Jammu and Kashmir has been without an Assembly since 2018.

“The situation there has — if anything — become much worse since myself and fellow UN independent experts transmitted a communication to the Government of India in 2021,” Varennes said.

“We then expressed our grave concerns that the loss of political autonomy and the implementation of the new Domicile Rules and other legislation could alter the demographic composition of the former state of Jammu and Kashmir, may result in political disenfranchisement, and significantly reduce the degree of political participation and representation of the Kashmiri and other minorities previously exercised in the former state, undermining their linguistic, cultural and religious rights.”

The rights expert noted that there have been “reports of significant numbers of Hindus from outside the region moving into the region so that dramatic demographic changes are under way in Jammu and Kashmir to overwhelm native Kashmiris in their own land”.

In March, the government had told the Rajya Sabha that 185 people from outside Jammu and Kashmir had bought land in the Union Territory — including in Kashmir — in the last three years. Certain provisions of Article 370 barred outsiders from buying land in Jammu and Kashmir.

The government also claimed that 1,559 Indian and multinational companies were investing in Jammu and Kashmir.
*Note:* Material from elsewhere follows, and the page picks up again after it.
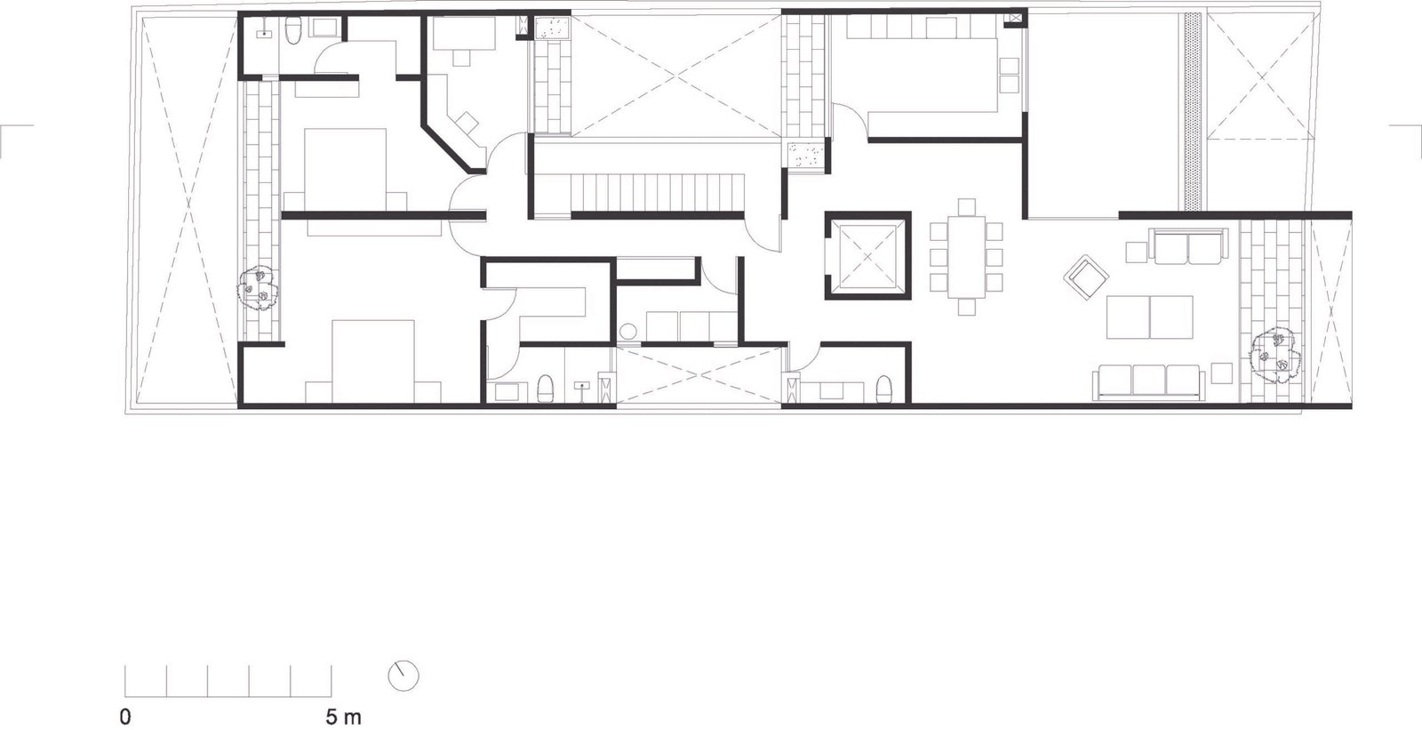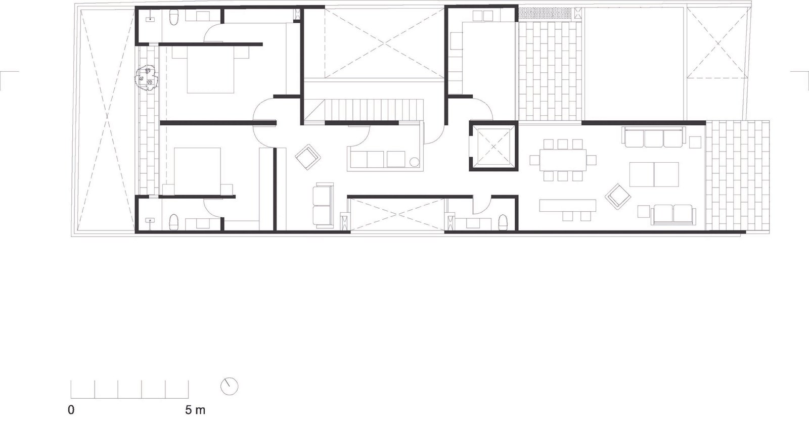 El penthhouse se encuentra en los dos últimos niveles y cuenta con una doble altura que articula los espacios públicos de la vivienda en sus dos niveles.

Varennes said the G20 countries were “unwittingly providing a veneer of support to a facade of normalcy” at a time “when massive human rights violations, illegal and arbitrary arrests, political persecutions, restrictions and even suppression of free media and human rights defenders continue to escalate”.

Although Varennes did not mention names, he appeared to be referring to the arrest of journalists and human rights defenders in Jammu and Kashmir.
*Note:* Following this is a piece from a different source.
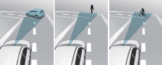 قد يعمل نظام المساعدة على تجنب الاصطدام من الجهة الأمامية عند اكتشاف جسم له شكل أو هيئة مشابهة لسيارة ما أو لأحد المشاة أو راكبي الدراجات.
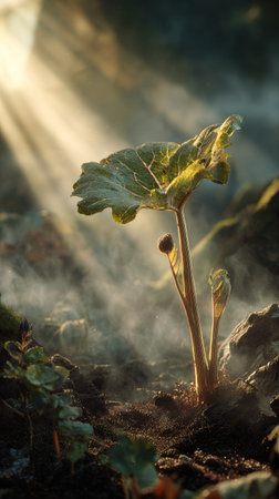 A cinematic wide shot of a young Coltsfoot growing, slightly larger than before, its trunk and branches beginning to take shape, surrounded by rich, dark soil and faint morning mist, golden sunlight breaking through the clouds, soft beams illuminating the growing tree, ultra-realistic photography with true Earth like realism natural hues, no artificial colors, deep 3D parallax depth creating an immersive, awe-inspiring atmosphere, subtle natural lens flares, minimal 35mm film grain, tranquil and hopeful tone, 8K, highly detailed

“International human rights obligations and the UN Declaration of Human Rights should still be upheld by organisations such as the G20,” Varennes said. “The situation in Jammu and Kashmir should be decried and condemned, not pushed under the rug and ignored with the holding of this meeting.”

India rejected the remarks and accused Varennes of acting “irresponsibly”. India’s permanent mission to the UN in Geneva rejected the statement as “baseless and unwarranted allegations”.

“As G20 president, it’s India’s prerogative to host its meeting in any part of the country,” the Indian mission tweeted.

The mission said it was “aghast” that the UN special rapporteur had “acted irresponsibly to politicise this issue, misused his position as SR to publicise on social media his presumptive and prejudiced conclusions in a gross violation of the Code of Conduct for SRs”.

Grand preparations are under way in Srinagar to host the foreign delegates. The session — the third G20 working group meeting on tourism — is aimed at conveying a strong message of normality in Kashmir to the global community. Around 50 delegates are expected to participate. Pakistan and China have opposed the meeting.

There has been, however, a spike in militancy in Jammu and Kashmir, forcing the authorities to engage elite marine commandos and the Black Cats to thwart possible attacks.

A high-profile security meeting in Srinagar recently decided to deploy the Marcos, a special forces unit of the Indian Navy, and the National Security Guards, popularly called the Black Cats, to secure meeting venues in Srinagar.